Thursday, February 06, 2014

Signs of age

This Sunday will be the second time in my life that there has been a well-publicized fiftieth anniversary of a public event that I am old enough to remember.  This time, of course, it concerns the Beatles' appearance on the Ed Sullivan Show on February 9, 1964.

The first famous event that I can remember from fifty years later was the assassination of President Kennedy.  I recall my first grade teacher being called out of the room to hear something on the radio.  This seemed very odd, and had certainly never happened before.  Then she came back in and told us the news.  I found it surreal (not that I knew the word), not just because I was so young, but also because those were such innocent times for people growing up in the U.S.  In retrospect, so far as dark events are concerned, there had already been the Cuban missile crisis, not to mention that crazy things had been happening in Vietnam, such as monks burning themselves and the Diem assassination.  Go back less than twenty years, and one had the Holocaust.  But I am pretty sure that I knew little or even nothing about all that.  I was living, so far as I could tell, in more of a Disney-style universe.

Then, over the weekend, Ruby shockingly shot Oswald.  I recall our discussing it in class, presumably on Monday. By now the whole run of events felt truly unfathomable and incomprehensible.  I remember making a comment in class about how all these shootings were like cowboys and Indians.  But even as I said it, I felt that it was inadequate and had failed to convey what I meant (which I evidently couldn't put into words, but had more to do with perplexity than grief).

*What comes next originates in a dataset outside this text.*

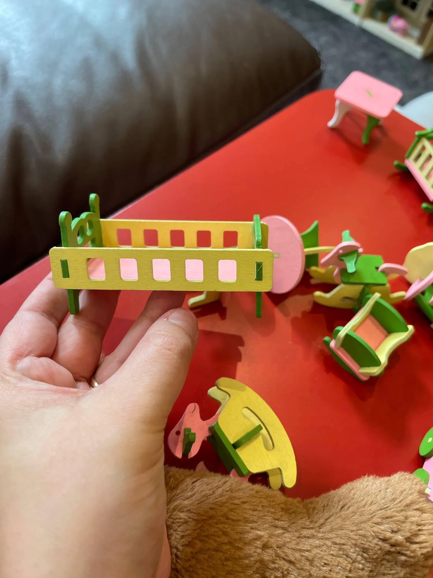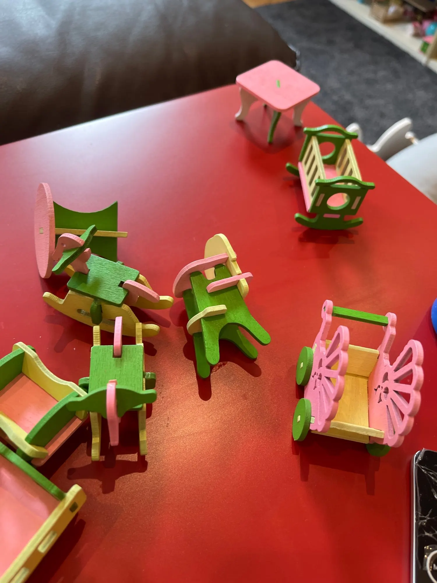 They use minimum glue to all this furniture, everything is dropped in pieces. Every thing very very small, it's too small also for smallest toy figurines.

Anyway, next came the Beatles.  I was too young to comprehend the weeks of national gloom that their arrival evidently broke.  Nor did I know anything at the time about the famous airport press conference, the girls staking out the hotel, Murray the K playing them around the clock, and so forth.  But I did know that my older brother had successfully petitioned my parents to watch the Ed Sullivan Show at 8 o'clock.  My regular bedtime was 7:30.  Whatever this "beetles" or "Beatles" thing was, I didn't want to miss out just because I was younger.  At the same time, however, I had no clue about who or what they were.  I was unaware, not just of the "a" in Beatles, but even of their being a musical group.  I believe I was envisioning some sort of exciting mechanical, metallic buzzing "beetles" that would be fun to watch on our black-and-white TV.

My parents allowed me to stay up for the Sullivan show, so long as I was ready to go to bed immediately afterwards.  But the moment I heard them, I said "I'm going to bed now."  At that point, growing up in my household, I am fairly certain that I had never heard rock music before.  (If my brother had gotten to hear them on the radio, I hadn't noticed.)

That's it for my contemporaneous memory of the Beatles' first appearance in America.